WORK INSTRUCTION:
Below are some records. Write out the lines from the one containing "- 中国古美術 植木鉢" to the last line, word for word, leaving out pictures.

SOURCE RECORDS:
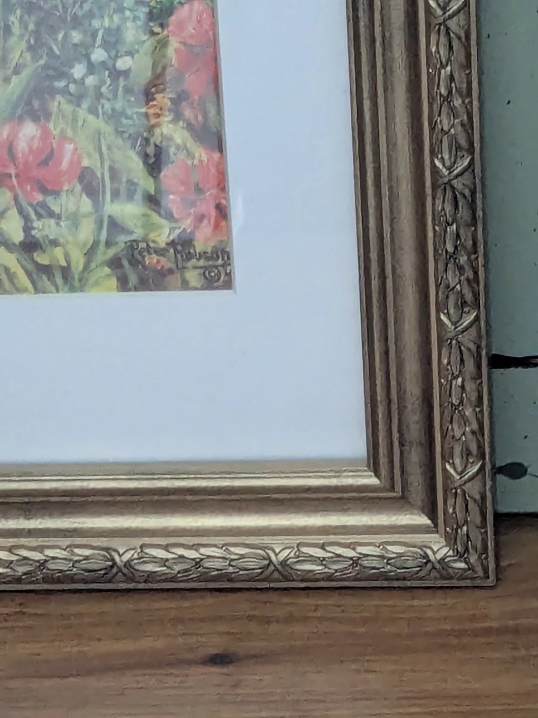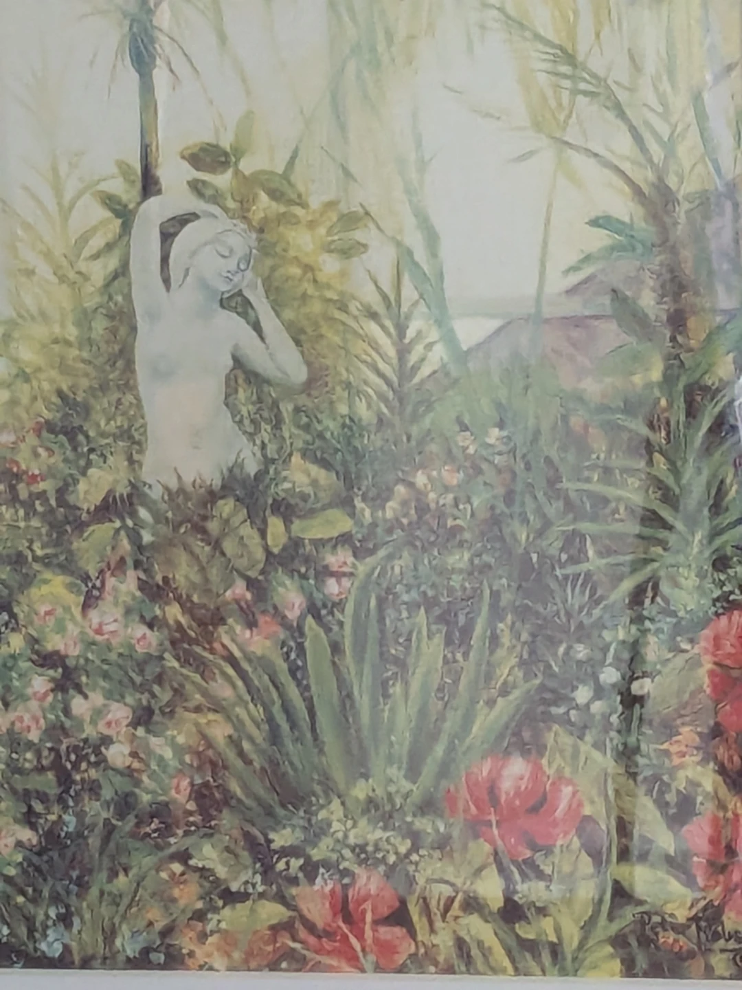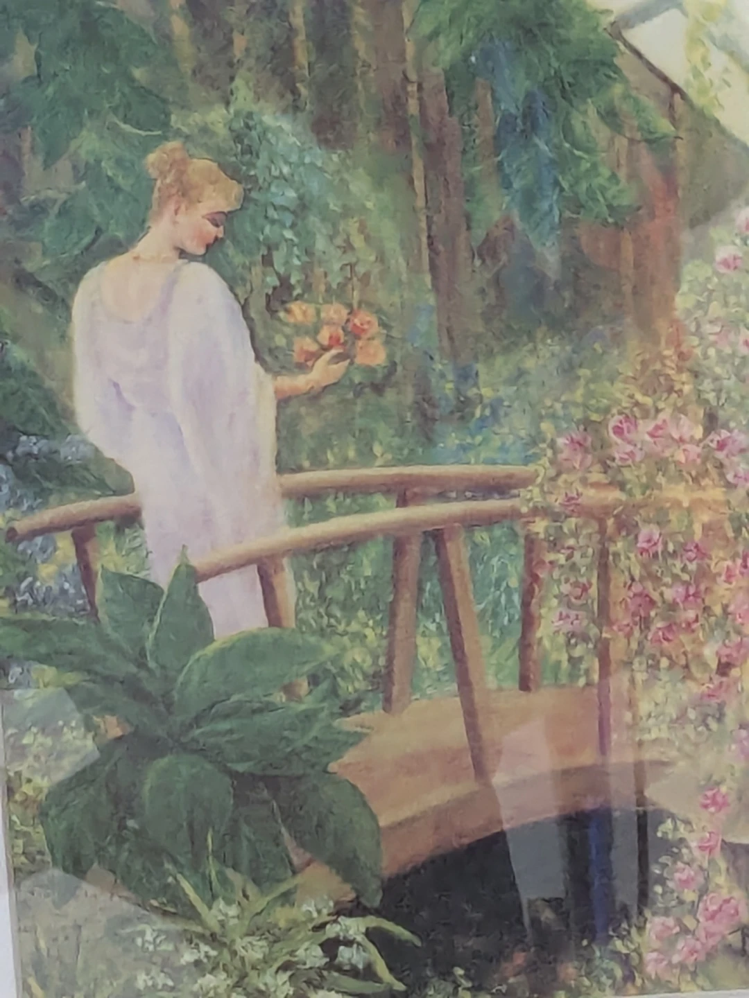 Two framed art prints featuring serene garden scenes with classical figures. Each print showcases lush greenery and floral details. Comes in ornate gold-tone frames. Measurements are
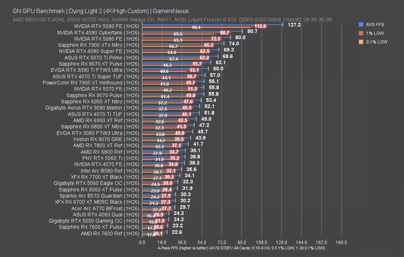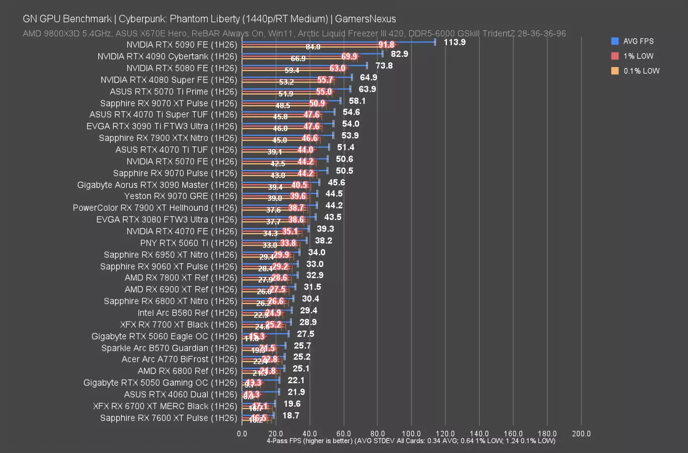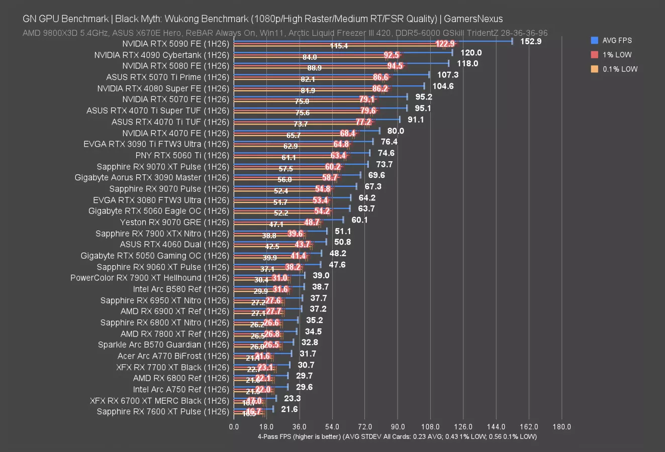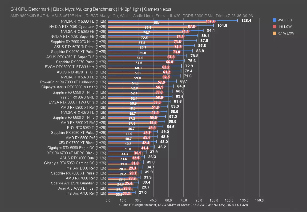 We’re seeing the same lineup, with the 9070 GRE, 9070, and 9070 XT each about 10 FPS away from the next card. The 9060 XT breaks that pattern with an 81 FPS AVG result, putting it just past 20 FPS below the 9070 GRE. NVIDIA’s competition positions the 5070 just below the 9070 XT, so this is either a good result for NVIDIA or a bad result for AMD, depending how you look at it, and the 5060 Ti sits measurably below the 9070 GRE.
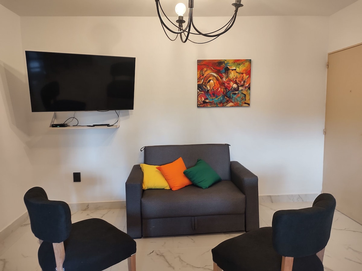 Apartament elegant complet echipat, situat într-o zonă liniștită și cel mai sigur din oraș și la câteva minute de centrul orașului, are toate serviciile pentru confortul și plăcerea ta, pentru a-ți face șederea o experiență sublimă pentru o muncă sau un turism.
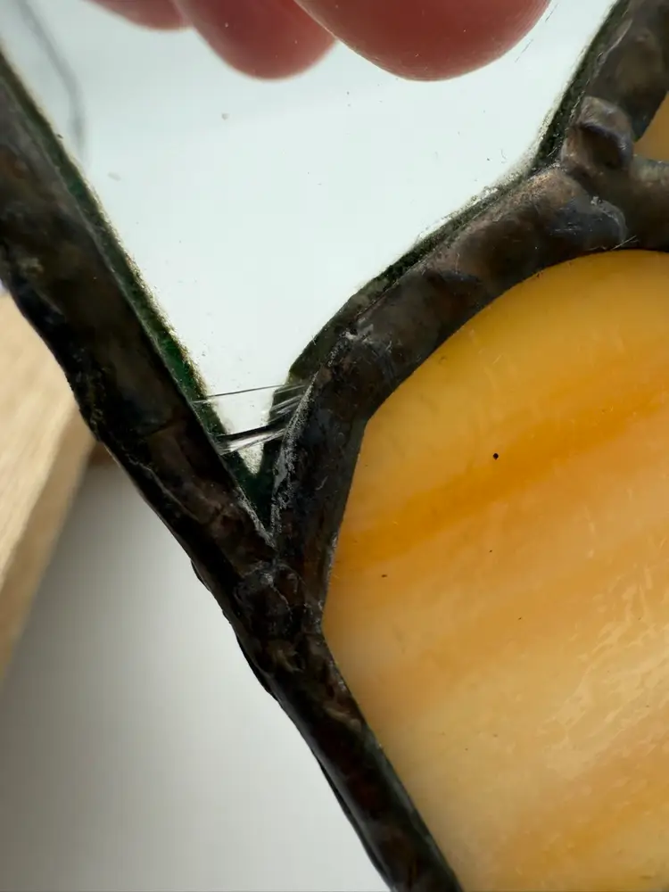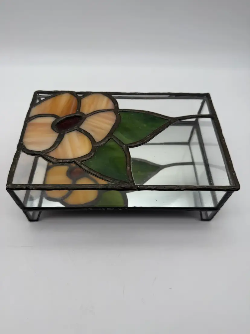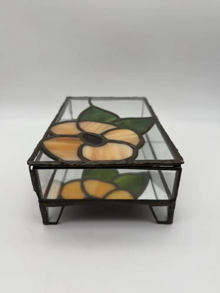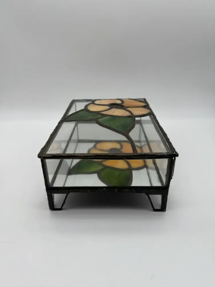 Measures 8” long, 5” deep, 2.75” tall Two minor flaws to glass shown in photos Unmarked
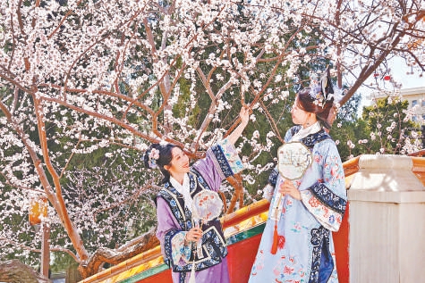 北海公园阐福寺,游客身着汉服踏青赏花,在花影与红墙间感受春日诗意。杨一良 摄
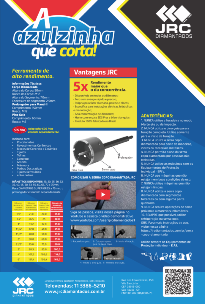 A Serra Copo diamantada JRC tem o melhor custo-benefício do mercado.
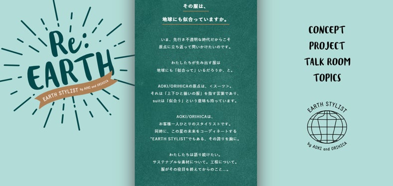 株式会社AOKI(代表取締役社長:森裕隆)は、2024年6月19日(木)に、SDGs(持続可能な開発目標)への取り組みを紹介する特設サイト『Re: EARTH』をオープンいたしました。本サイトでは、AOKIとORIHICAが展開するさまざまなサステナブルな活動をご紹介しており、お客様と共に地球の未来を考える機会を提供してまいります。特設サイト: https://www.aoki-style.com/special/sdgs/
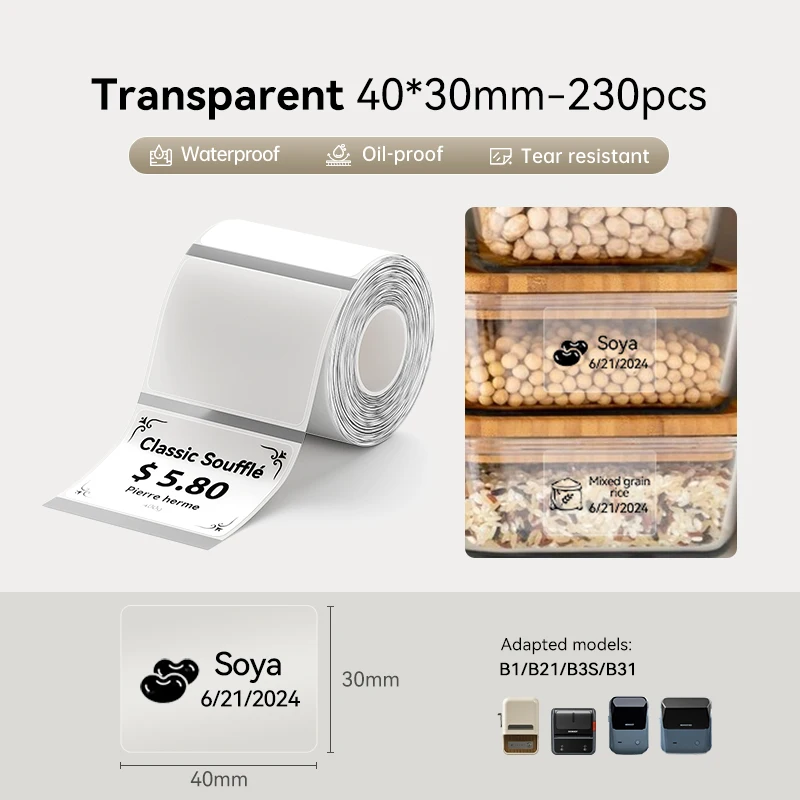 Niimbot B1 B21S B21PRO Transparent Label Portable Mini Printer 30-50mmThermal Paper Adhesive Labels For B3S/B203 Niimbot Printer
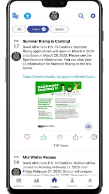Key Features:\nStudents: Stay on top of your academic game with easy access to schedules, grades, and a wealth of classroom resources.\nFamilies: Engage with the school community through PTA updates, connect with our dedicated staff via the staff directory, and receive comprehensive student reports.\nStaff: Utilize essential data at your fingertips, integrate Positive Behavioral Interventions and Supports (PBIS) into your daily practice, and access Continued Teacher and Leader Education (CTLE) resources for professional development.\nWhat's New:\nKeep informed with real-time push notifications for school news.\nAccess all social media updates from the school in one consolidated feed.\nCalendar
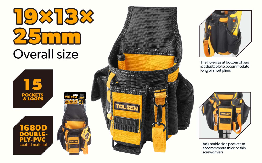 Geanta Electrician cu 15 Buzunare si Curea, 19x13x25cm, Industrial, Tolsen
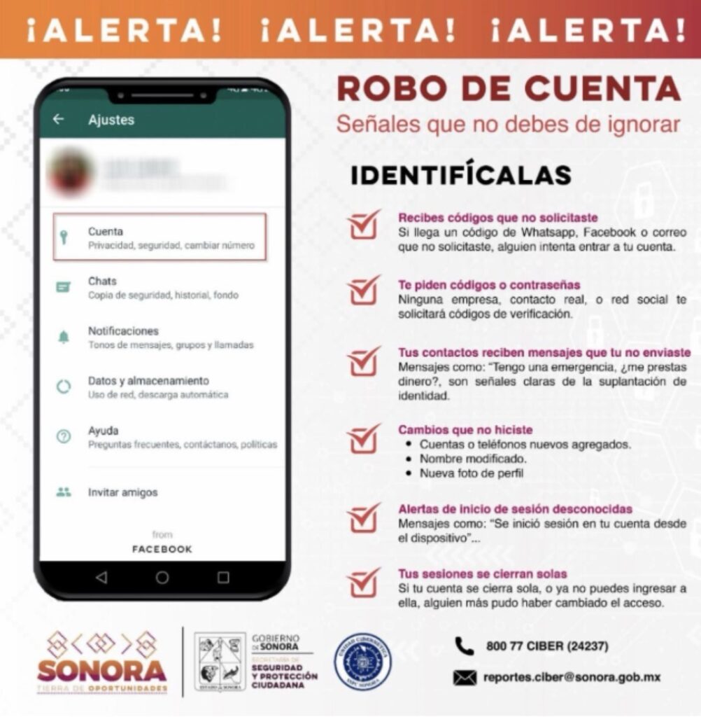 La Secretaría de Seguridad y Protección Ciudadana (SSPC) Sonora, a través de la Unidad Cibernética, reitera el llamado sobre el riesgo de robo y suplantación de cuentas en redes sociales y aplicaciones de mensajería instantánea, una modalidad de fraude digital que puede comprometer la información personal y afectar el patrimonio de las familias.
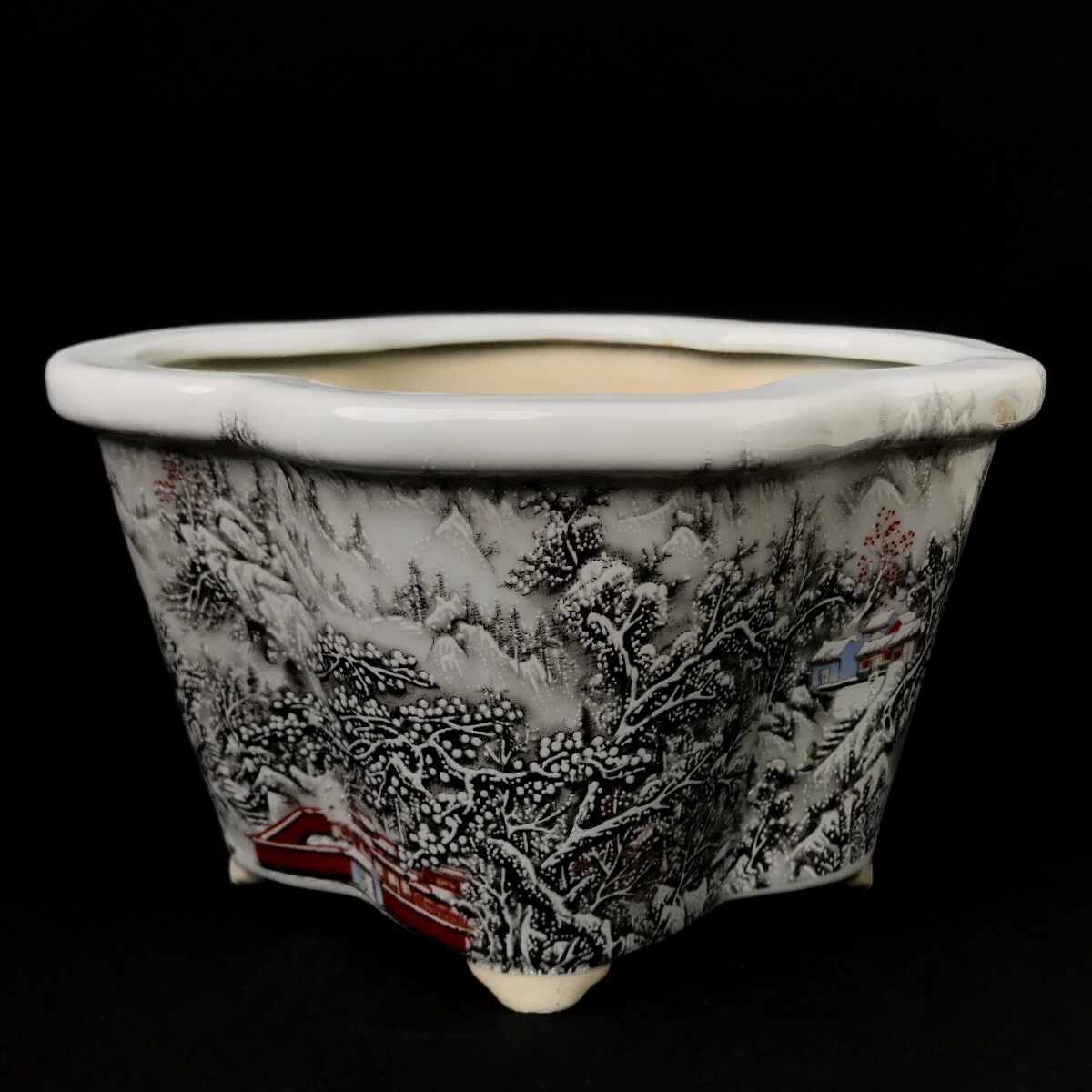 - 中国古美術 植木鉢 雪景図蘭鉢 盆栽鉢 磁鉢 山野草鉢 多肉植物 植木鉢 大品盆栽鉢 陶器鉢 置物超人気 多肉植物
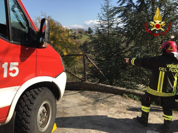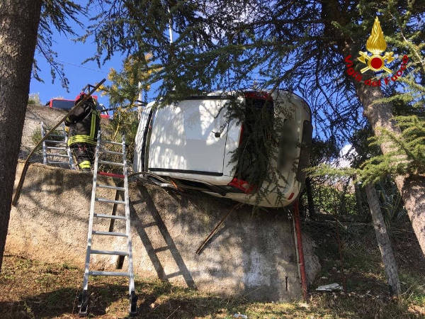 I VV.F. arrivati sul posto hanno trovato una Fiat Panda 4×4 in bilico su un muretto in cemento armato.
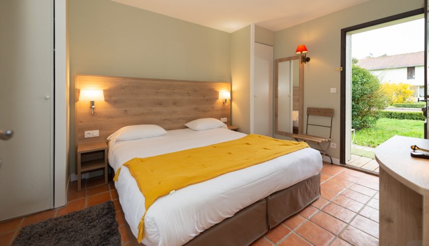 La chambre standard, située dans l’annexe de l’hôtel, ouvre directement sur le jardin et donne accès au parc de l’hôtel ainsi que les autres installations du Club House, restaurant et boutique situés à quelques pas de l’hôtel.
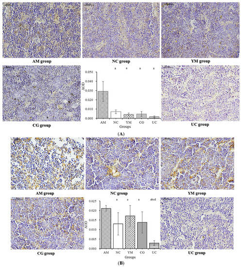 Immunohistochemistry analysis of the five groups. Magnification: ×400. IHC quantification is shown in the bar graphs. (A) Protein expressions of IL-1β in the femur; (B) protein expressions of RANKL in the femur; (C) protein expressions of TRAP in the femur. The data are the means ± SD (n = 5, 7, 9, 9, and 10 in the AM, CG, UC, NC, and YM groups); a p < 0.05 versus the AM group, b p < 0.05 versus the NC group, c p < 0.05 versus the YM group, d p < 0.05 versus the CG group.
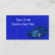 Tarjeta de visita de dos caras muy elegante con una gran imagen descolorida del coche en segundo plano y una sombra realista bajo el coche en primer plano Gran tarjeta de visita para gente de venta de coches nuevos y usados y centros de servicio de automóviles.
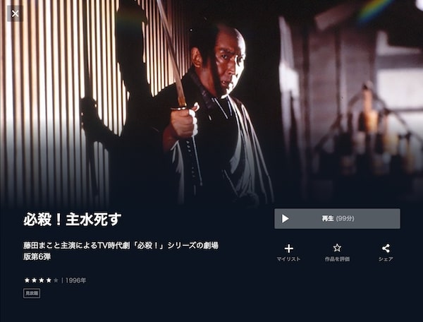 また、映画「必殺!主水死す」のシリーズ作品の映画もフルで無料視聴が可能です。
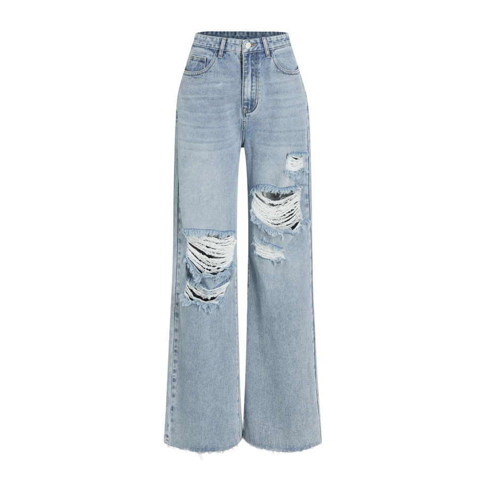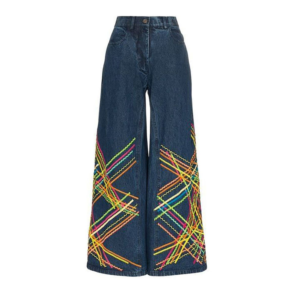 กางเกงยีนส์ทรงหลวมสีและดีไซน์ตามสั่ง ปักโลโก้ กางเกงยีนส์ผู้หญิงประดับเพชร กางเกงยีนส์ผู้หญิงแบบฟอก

TASK OUTPUT:
 - 中国古美術 植木鉢 雪景図蘭鉢 盆栽鉢 磁鉢 山野草鉢 多肉植物 植木鉢 大品盆栽鉢 陶器鉢 置物超人気 多肉植物
 I VV.F. arrivati sul posto hanno trovato una Fiat Panda 4×4 in bilico su un muretto in cemento armato.
 La chambre standard, située dans l’annexe de l’hôtel, ouvre directement sur le jardin et donne accès au parc de l’hôtel ainsi que les autres installations du Club House, restaurant et boutique situés à quelques pas de l’hôtel.
 Immunohistochemistry analysis of the five groups. Magnification: ×400. IHC quantification is shown in the bar graphs. (A) Protein expressions of IL-1β in the femur; (B) protein expressions of RANKL in the femur; (C) protein expressions of TRAP in the femur. The data are the means ± SD (n = 5, 7, 9, 9, and 10 in the AM, CG, UC, NC, and YM groups); a p < 0.05 versus the AM group, b p < 0.05 versus the NC group, c p < 0.05 versus the YM group, d p < 0.05 versus the CG group.
 Tarjeta de visita de dos caras muy elegante con una gran imagen descolorida del coche en segundo plano y una sombra realista bajo el coche en primer plano Gran tarjeta de visita para gente de venta de coches nuevos y usados y centros de servicio de automóviles.
 また、映画「必殺!主水死す」のシリーズ作品の映画もフルで無料視聴が可能です。
 กางเกงยีนส์ทรงหลวมสีและดีไซน์ตามสั่ง ปักโลโก้ กางเกงยีนส์ผู้หญิงประดับเพชร กางเกงยีนส์ผู้หญิงแบบฟอก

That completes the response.